We don’t have a dog, but after 14 years of boarding, I’ve definitely got some ideas about what I would and wouldn’t look for in a personal dog.
Barking. Not a fan of barking. I know that highly sensitive dogs who frequently alert to environmental changes (i.e. German Shepherds and other "watch dog" types) would be very frustrating for me.
Clingy-ness. When it comes to day to day living, I prefer more independent dogs who are happy chilling on their pillow rather than following me the five steps across the kitchen.
Sniffing. Yep. I'm a dog person, but dogs giving me the third degree with their nose when I arrive home sometimes makes me want to jump out of my skin (I have been known to crawl onto the counters to escape it). Scent hounds might not be the best choice for me. Beagles, I'm looking at you.
Long-hair. Been there. Done that. It's hard to keep clean and I'm less inclined to pet dogs who have long hair.
High levels of fear/anxiety. I have a really hard time being patient with this. Yes, I am a professional trainer so I know how to work on it, but I don't want to sign up for that 24/7.

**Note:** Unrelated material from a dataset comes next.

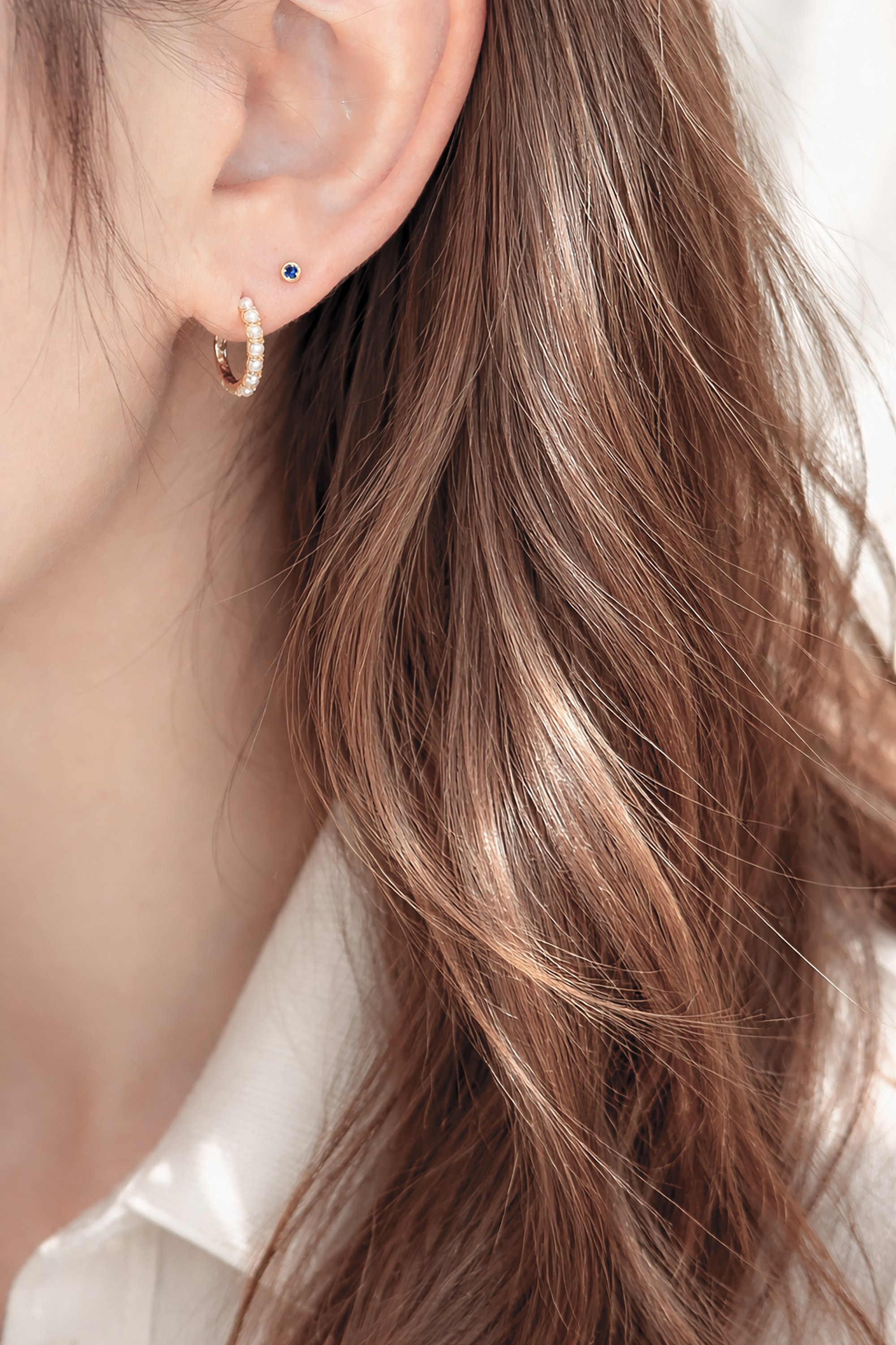 The deep blue stone sits close to the ear in a smooth bezel setting,

What about things that I would like?
Confidence. Taking the dog along with me to dog friendly places is a thrill for me so I would look for a dog who had this potential.
Friendly to strangers. Right now there are a lot of people and activity at my home. A dog with Stranger-Danger would not be happy there.
Good doggy social skills. This does not mean I want a dog who wants to play with every other dog. In fact, if I had to choose, I might pick one who was neutral about other dogs. Again, given my current lifestyle, things will be easier if I select a dog who won't lose it when he sees another dog.
Food motivated. What can I say: training is easier if the dog likes food.